**Data shown:**
___
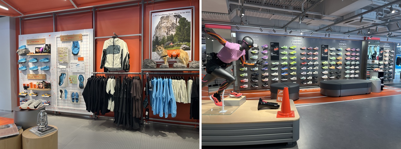 ㊧1階のACGコーナー、㊨2階のランニング/トレーニングフロアのシューズコーナー
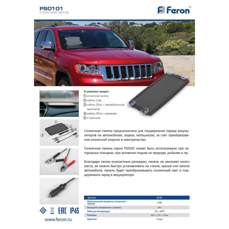Солнечная панель Feron PS0101 32193 российского производителя Feron относится к коллекции «». Модель защищена от пыли и влаги по стандарту IP и подходит для использования за пределами помещения. Она легко устанавливается и обеспечивает оптимальное освещение благодаря общей мощности 2,4 Вт. Интересный и практичный светильник 32193 с плафонами будет долго служить владельцу. Цена при заказе в интернет-магазине «Иллюзия света» – 873 ₽.
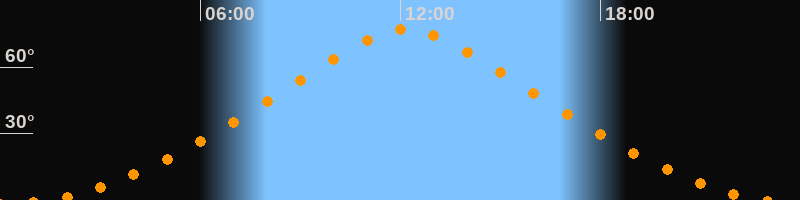 | Höchster Stand (Kulmination) | 12:10 Uhr (h = 76,9°) |
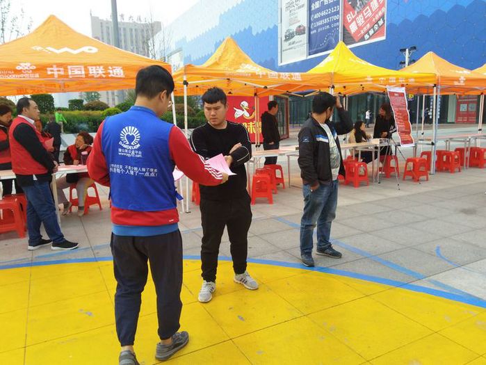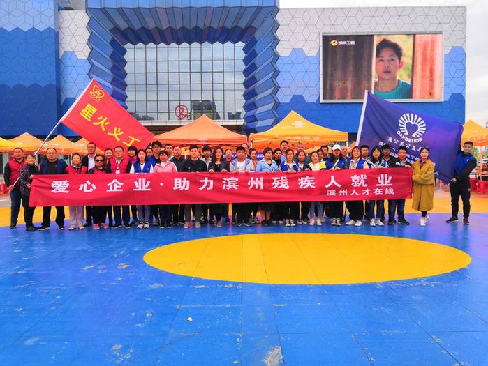 4月27日,我院青年志愿者协会志愿者在滨州万达2号门外广场积极参与了滨州市残疾人联合会举办的“滨州市2019年残疾人就业创业百期专场招聘会”。
___
**Problem description:** Restate word for word only the lines from the one with "Uhr (h = 76,9°) |" through the last line of the material, both included. Any picture should be left out.

**Answer space:**
 | Höchster Stand (Kulmination) | 12:10 Uhr (h = 76,9°) |
 4月27日,我院青年志愿者协会志愿者在滨州万达2号门外广场积极参与了滨州市残疾人联合会举办的“滨州市2019年残疾人就业创业百期专场招聘会”。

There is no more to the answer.